*** Opening of Entries provided ***

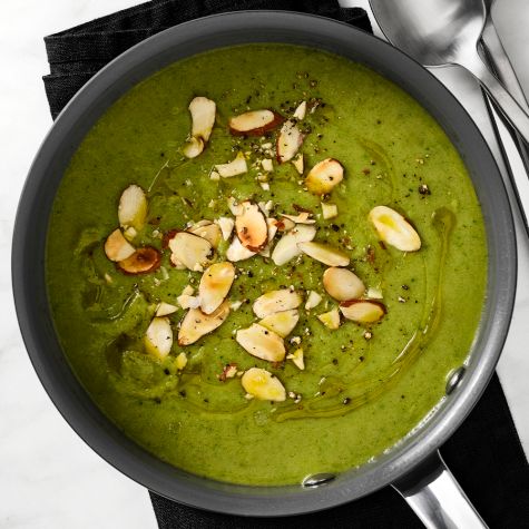 Serve in individual bowls and garnish with the almonds and a drizzle of olive oil. Serves 6.
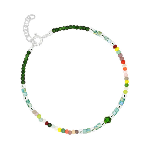 Bransoletka srebrna zielone oraz kolorowe kryształkami swarovskiego wykonana z najwyższej próby srebra 925 – bez dodatku niklu, nie uczula. Długość regulowana: 17-20 cm. Biżuteria ozdobiona kolorowymi kryształkami swarovskiego.
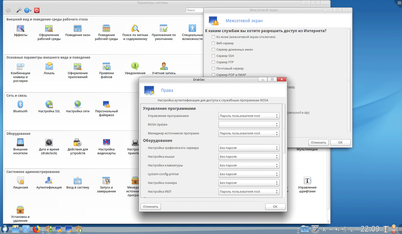 Панель управления в целом стандартная для Linux-систем, многие настройки явно рассчитаны на неподготовленного пользователя. На наш взгляд это правильно, потому что именно сложность настроек отпугивает от Linux начинающих, а опытные линуксоиды все равно предпочитают выполнять настройки через консоль.
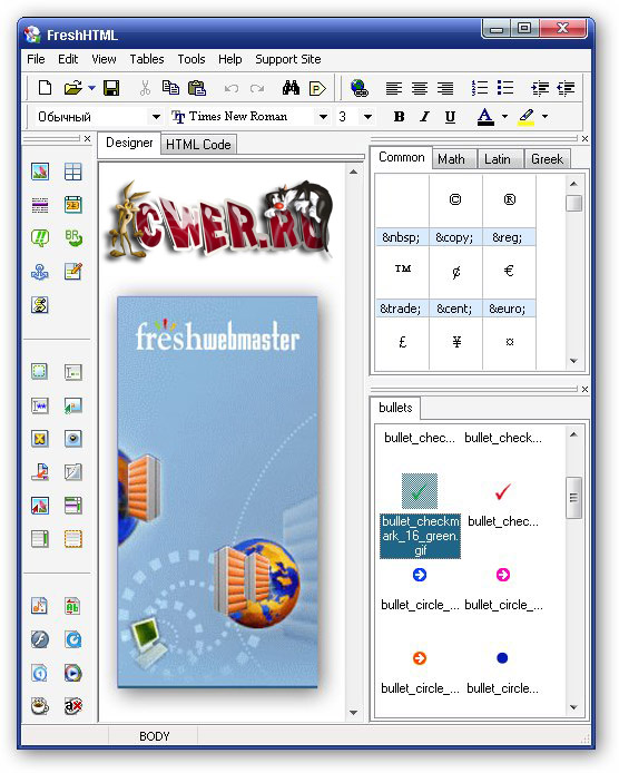 HTML-редактор с огромным количеством различных функций (подсказки, справочники, многоцветная подсветка синтаксиса, предпросмотр с разным разрешением, позволяющий подключить до четырех браузеров, поддержка скриптов и сами скрипты, которые входят в поставку - 15 DHTML, 17 Perl, 6 HTML, 2 CGI и 450 Javascripts/VBScripts и т. д.). Предусмотрена полезная возможность запуска редактора в разных режимах, в зависимости от подготовки пользователя. Работает в том числе и с русским языком. Настройка: в меню Options/Editing Preferences нужно выбрать подходящий шрифт, а также установить charset - Russian.
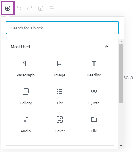 Yeni açılan səhifədə sol üst küncdə «+» düyməsini klikləyin. Açılan menyuda müxtəlif bloklardan ibarət açılan menyu görəcəksiniz:

*** Close of Entries provided ***

Set down exactly, line for line, the data from the line that contains "Bransoletka srebrna zielone" through its last line, keeping pictures out.

 Bransoletka srebrna zielone oraz kolorowe kryształkami swarovskiego wykonana z najwyższej próby srebra 925 – bez dodatku niklu, nie uczula. Długość regulowana: 17-20 cm. Biżuteria ozdobiona kolorowymi kryształkami swarovskiego.
 Панель управления в целом стандартная для Linux-систем, многие настройки явно рассчитаны на неподготовленного пользователя. На наш взгляд это правильно, потому что именно сложность настроек отпугивает от Linux начинающих, а опытные линуксоиды все равно предпочитают выполнять настройки через консоль.
 HTML-редактор с огромным количеством различных функций (подсказки, справочники, многоцветная подсветка синтаксиса, предпросмотр с разным разрешением, позволяющий подключить до четырех браузеров, поддержка скриптов и сами скрипты, которые входят в поставку - 15 DHTML, 17 Perl, 6 HTML, 2 CGI и 450 Javascripts/VBScripts и т. д.). Предусмотрена полезная возможность запуска редактора в разных режимах, в зависимости от подготовки пользователя. Работает в том числе и с русским языком. Настройка: в меню Options/Editing Preferences нужно выбрать подходящий шрифт, а также установить charset - Russian.
 Yeni açılan səhifədə sol üst küncdə «+» düyməsini klikləyin. Açılan menyuda müxtəlif bloklardan ibarət açılan menyu görəcəksiniz:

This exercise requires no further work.